The role and importance of appropriate schemes for external quality assurance (EQA) in medical laboratories were reviewed recently (1). Most EQA schemes developed to verify the quality of laboratory performance are now evolving toward a more general concept of quality assurance, including the evaluation of method performance, postmarket surveillance, training, and technical support (2).

In recent years, molecular biology-based methods have become widely used in clinical laboratories, primarily because of the great versatility of PCR-based methods. The high sensitivity of amplification techniques and the complexity of the correlated molecular methods have produced an obvious demand for assay standardization and quality assurance. The IFCC has included participation in EQA schemes as a key tool for quality assessment of molecular amplification methods applied to clinical diagnostics (3). In a recent report, this requirement was considered to be a cornerstone of molecular testing to ensure a correct diagnosis (4).

The importance of proficiency testing in molecular genetics was recently emphasized in the US (5) and in Europe (6)(7)(8). Quality assessment programs were recently developed for Huntington disease (9), cystic fibrosis (10)(11), familial thrombophilia (12), factor V Leiden mutations (13), and Y-chromosome microdeletions (14). Proficiency testing programs were also developed for molecular diagnostic testing of infectious diseases such as the hepatitis B (15), hepatitis C (16), and hepatitis G viruses (17); enterovirus (18); JC virus (19); herpes simplex virus (20); cytomegalovirus (21); HIV-1 (22)(23)(24); toxoplasmas (25); and Mycobacterium tuberculosis (26). Finally, in molecular cancer diagnosis, only a few multicenter studies have been performed for quality-control evaluation of PCR-based tests in leukemia diagnosis (27)(28)(29)(30) and in the evaluation of multidrug resistance gene 1 expression detected by reverse transcription-PCR (RT-PCR) or Northern blot analysis (31).

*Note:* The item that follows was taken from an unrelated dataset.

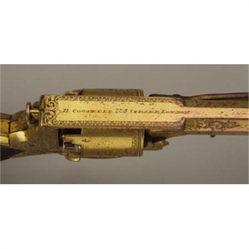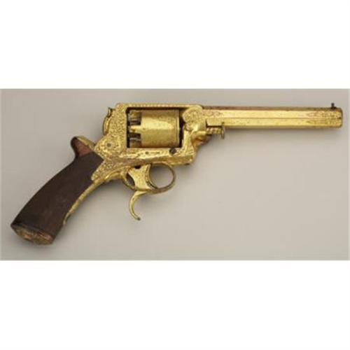 <B>CONFEDERATE THOMAS GRISWOLD & CO. CASED ENGRAVED GOLD WASHED TRANTER DOUBLE ACTION .44 CALIBER PERCUSSION REVOLVER.</B></I> An absolutely magnificent gun with superb Confederate association. The gun is exquisitely engraved at the muzzle and rear of the barrel, loading lever, cylinder, trigger guard and rear strap, butt cap, and frame, with very tight and delicate scroll and shell motifs. Butt cap and loading lever screws also engraved. All metal parts, except screws which are blued, are covered with a heavy gold wash. Hand engraved “B. Cogswell 224 Strand London” on the top of the frame, HH stamped on the side of the frame and “W. Tranter’s Patent die stamped on loading lever and trigger. The one piece walnut grip is checkerd over 90% of its surface with a tight diamond pattern. Most importantly, executed with a single stamp in tiny letters on the top flat of the barrel is “Griswold & Co. N. O.”. This appears to be underneath the gold wash indicating the finish was applied after its arrival in America. Griswold took over operations from Hyde & Goodrich in August 1861. A number of English revolvers are known bearing the agent’s mark of Hyde & Goodrich and this revolver doubtless through the hands of Griswold shortly after he took over to business. The gun is presented with all accessories in the original walnut case. The case is assembled with brass screws along the top and bottom edges and a circular brass escutcheon is inset in the top of the lid. Brass key escutcheon and closure is accomplished with two flat brass hooks. The case is lined in green wool with a paper lable for Cogswell pasted on the inside lid. The casing includes: oiler, paper covered tin for percussion caps by F. Joyce, bag shaped copper flask, screw driver and nipple wrench with checkered ebony handles, japanned tin with green paper lable for “Tranter’s Patent Lubricating Bullets”, patch cutter, ebony handled cleaning rod, wooden container with five extra nipples, double cavity brass bullet mould with blued iron sprue cutterand the original key for the case. A striking case set with very rare markings to a known Confederate outfitter. <BR><BR><B>CONDITION: </B></I>Bright gold wash with just some minor speckling and some minor wear on the loading lever and plunger and the butt cap. Gun overall appears to be unfired with no scorching on the face of the cylinder. Mechanically perfect, nipples mint. Bore excellent - mint and all screws retain 95% of the original blue. Checkered walnut grip also about mint. All accessories excellent as is the casing, just showing some minor scratches with nice rich patina. Lining just shows some very minor wear.<BR><BR><b>Shipping:</b> Requires 3rd Party Shipping (<a target="_blank" href="http://www.heritageauctions.com/common/shipping.php">view shipping information</a>)

In spite of these rare examples, EQA programs for many diagnostic tests based on nucleic acid amplification have not been implemented on a regular basis. This limitation is particularly evident for rare diseases and for diagnostic tests in an experimental phase. In addition, considering the large variability of methodologic variants and diagnostic approaches, the development of specific EQA programs based on application-based proficiency testing for any diagnostic molecular tool remains challenging (3). A valuable alternative to this limitation is the development of EQA trials based on methodologic proficiency testing and directed to the evaluation of analytical aspects common to the majority of PCR-based tests.

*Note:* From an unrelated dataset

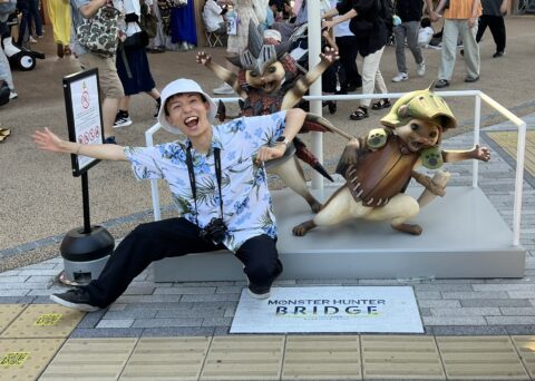トロッコ列車で、お客様の記念写真を撮影しています。

This alternative procedure was first proposed by the Central Reference Institution of the German Society of Clinical Chemistry (DGKC) and Laboratory Medicine (DGLM), which demonstrated the value of this approach and its applicability to all diagnostic laboratories, independent from their specific field of specialization (32)(33). The main innovation of this program, compared with conventional EQA programs, is that the evaluation of results from each participating laboratory is based on two distinct analyses. The first analysis is based on the data reported by participants (i.e., quantity and quality of DNA as obtained by spectrophotometric measurement and number and size of amplicons after gel electrophoresis). The second analysis, performed in the center responsible for the EQA program, involves simultaneous densitometric analysis of all post-PCR products to evaluate the efficiency of amplification (34).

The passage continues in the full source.